When LL’s takeover of GOM’s functions was first announced, there was some idle discussion of trying to create an alternative currency. (As a joke, I announced that I had secured my borders, signed 14 UN treaties, and issued the prok, which is redeemable for $10 LL or $150 off your rent lol.). Seriously, the only forces that could have the power to create their own currencies would likely be huge operations like anshechung.com and slsolutions.org — Anshe Chung’s land business and the Cyberlands stock market. But to do so, they’d have to have both inworld terminals and objects on their land that would accept these other kinds of currency, which would have to be delivered in prim denominations of some kind I think (unless they had some elaborate credit system). The game’s exigencies are such that land is set up to automatically take LL, when you sell an object it has a space to type in LL and the object can receive payments in LL etc. So you’d have to create a whole elaborate superstructure to SL to do this — you’d have to have separate payment objects on your land parcels for people to put prims in? Or you’d have to have them pay LL but convert to your other currency that you’d hold as a credit on your website?

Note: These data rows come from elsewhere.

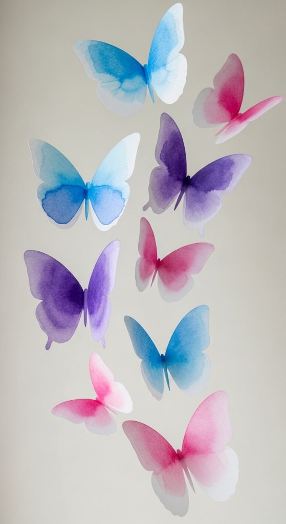 Watercolor gradient butterfly series designs focus on smooth color transitions that mimic natural fading effects found in artistic painting styles. This concept is widely used in Pinterest ideas because it combines softness with visual depth. The gradient effect is achieved by blending colors gradually across tissue paper surfaces, creating a seamless transition from one shade to another. This style is ideal for creative projects that aim to produce elegant and flowing visual arrangements. It works well in home decor settings where subtle artistic expression is preferred. The butterflies created through this method appear delicate and dynamic, giving the impression of movement. This technique also helps beginners understand color blending principles in a practical DIY tutorial format. The final result is suitable for wall displays, framed art pieces, or decorative installations.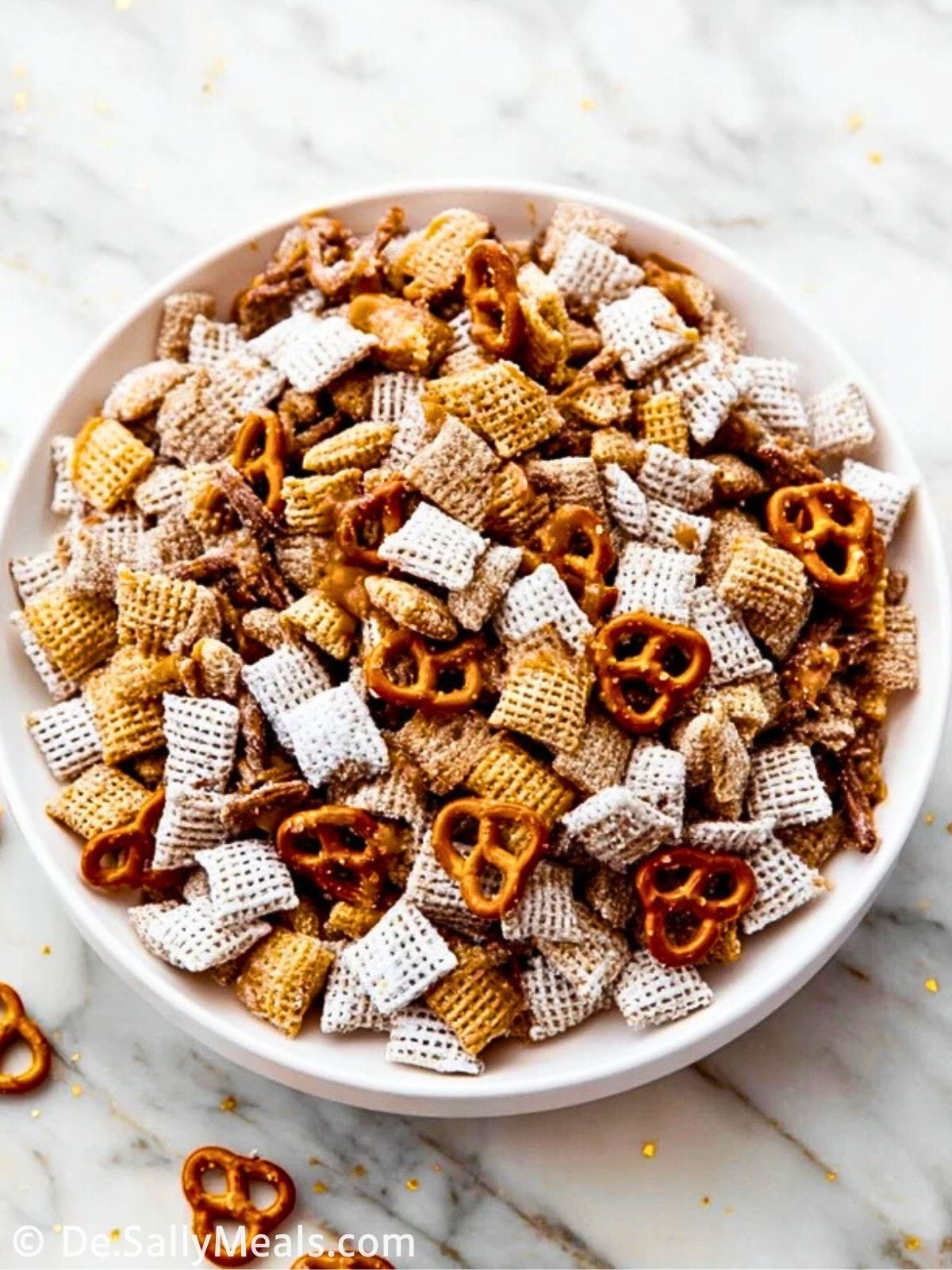 1. Die Salzbrezeln grob zerbrechen und zusammen mit dem Knuspermüsli in eine große Schüssel geben.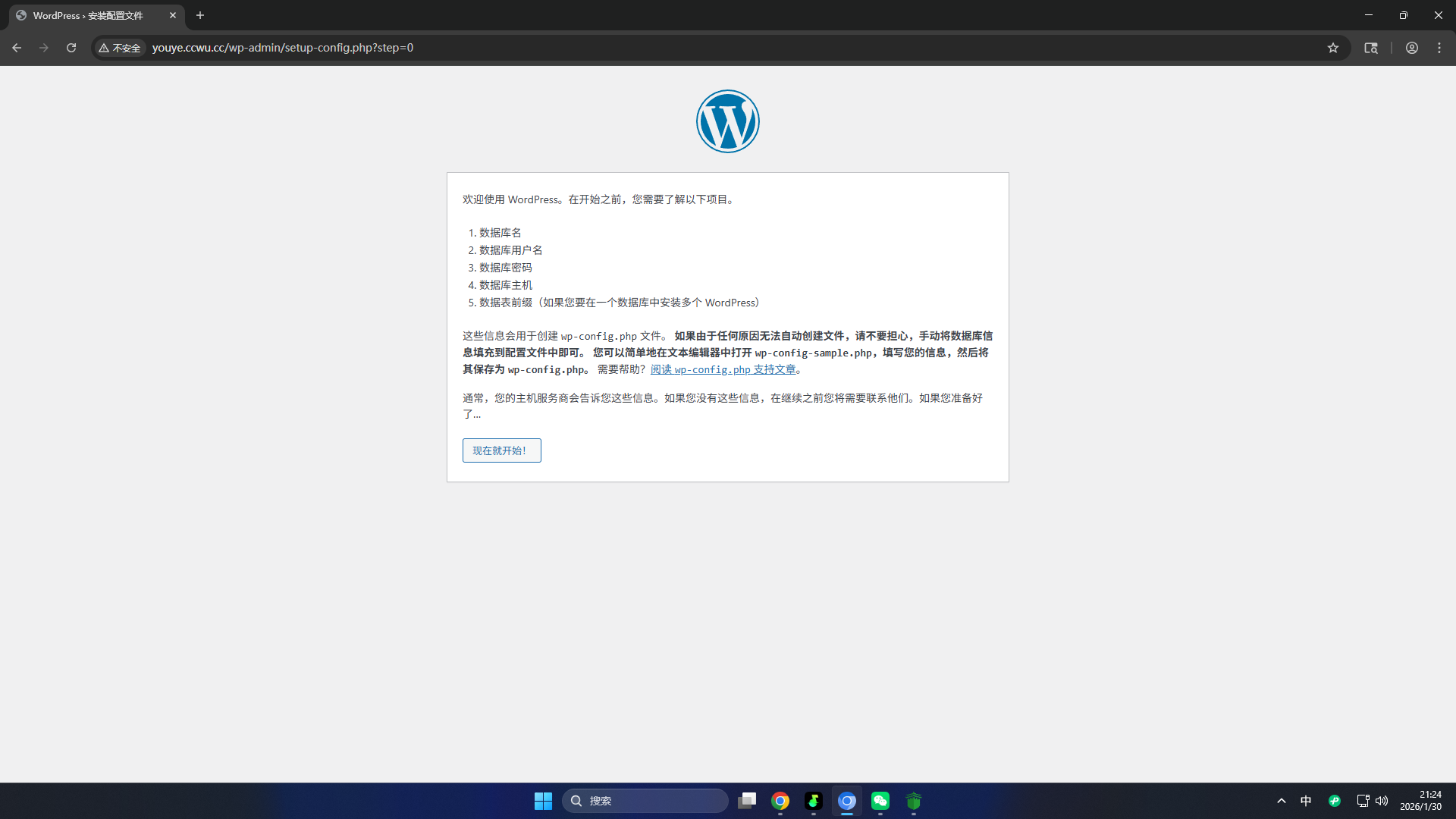 看到成功页面即代表安装完成,您就可以搭建您的博客了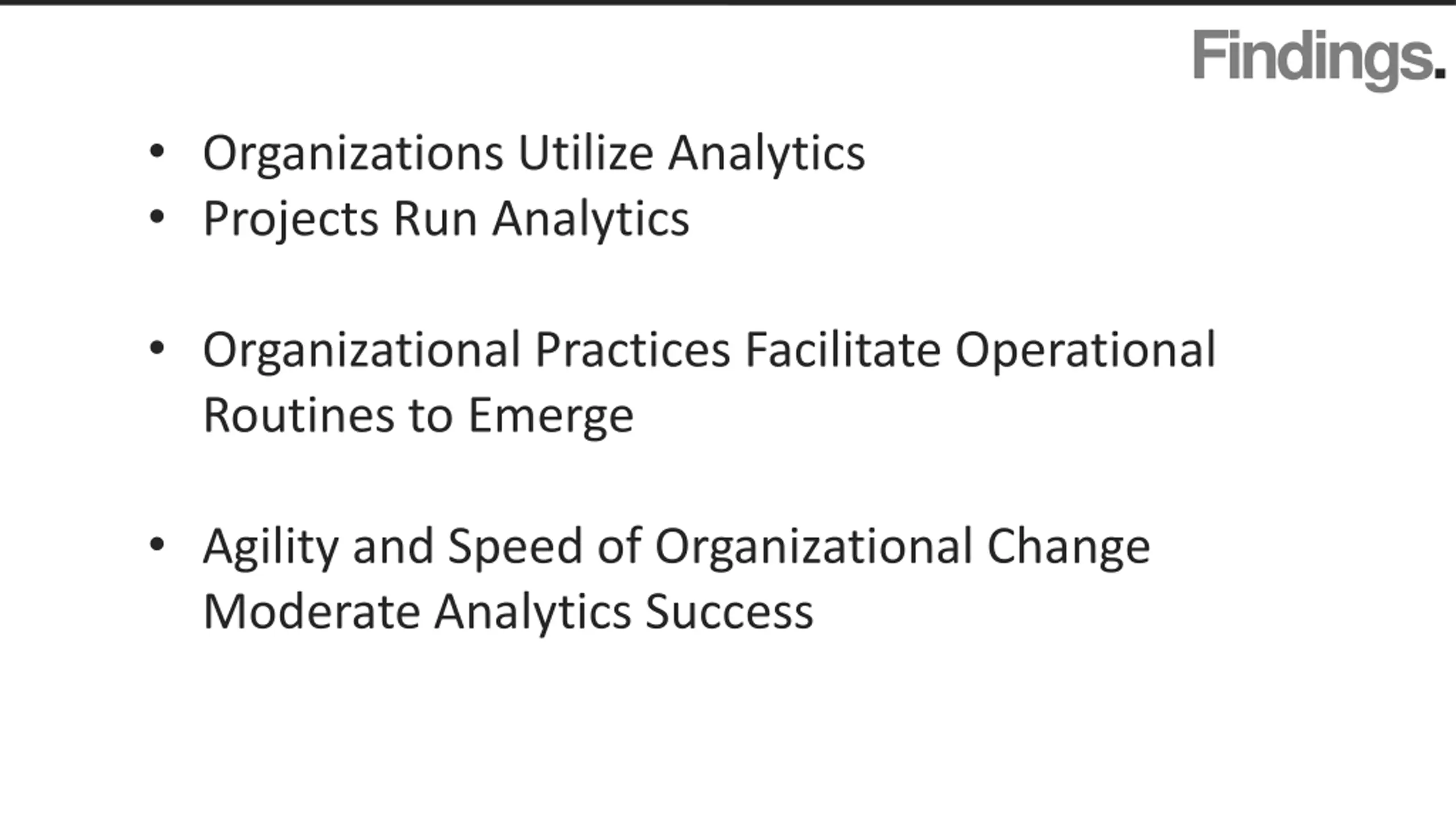 Findings. Organizations Utilize Analytics Projects Run Analytics Organizational Practices Facilitate Operational Routines to Emerge Agility and Speed of Organizational Change Moderate Analytics Success
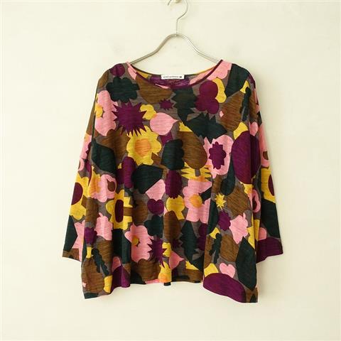 デザイン:mina perhonenのflower basket ウールプリントカットソーです。カラーはダークグレーベースに、パープル・ブラウン・ピンク・イエロー・ダークグリーン・オレンジのテキスタイルプリントの薄手ウール地で仕立てられております。袖丈は八分くらい、両肩にギャザー入り、身幅の広いシルエットになっております。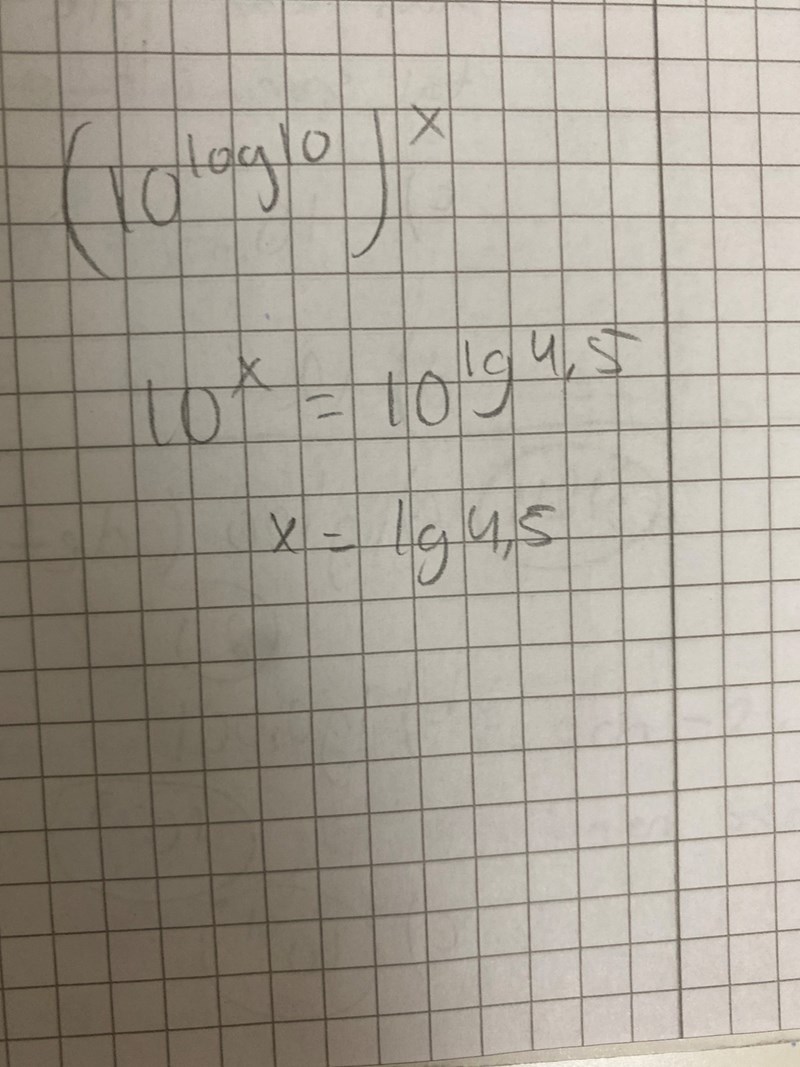 Det här har jag inte heller fattat: tar inte lg och 10 ut varandra då de är innversa operationer så att det bara borde bli x = 4,5?

You wouldn’t have customer confidence. Most ordinary people would be reluctant to get involved in buying and spending a non-LL currency. They’d either feel (wrongly) that it was “illegal” although I don’t think there is anything in the TOS that prevents you from making your own currency. I don’t see any Lindens swooping down on me for issuing the prok, and I don’t see anyone closing down Pendarren Zaftig, my tenant in Baileya who has an interesting store selling bars of gold which you can redeem for more or the same price, depending on denomination (a great idea in this game of constantly fluctuating currencies). You could conceivable do a land deal in zaftrands, let’s say. If you could couple such transactions with the notarized, non-tamperable documentation at Zarf Vantongerloo’s notary service in Thyris, you might be able to start a viable world outside the LL confines. Of course, they’d always have that “any reason or no reason” thingie to boot you. Issuing a “currency” inside LL’s already existing toy world is just another object/toy — a game, like Simcast might have had gold pieces in their internal game. They couldn’t possibly care about this at one level, yet if it threatened the overall fragile Linden dollar economy they might.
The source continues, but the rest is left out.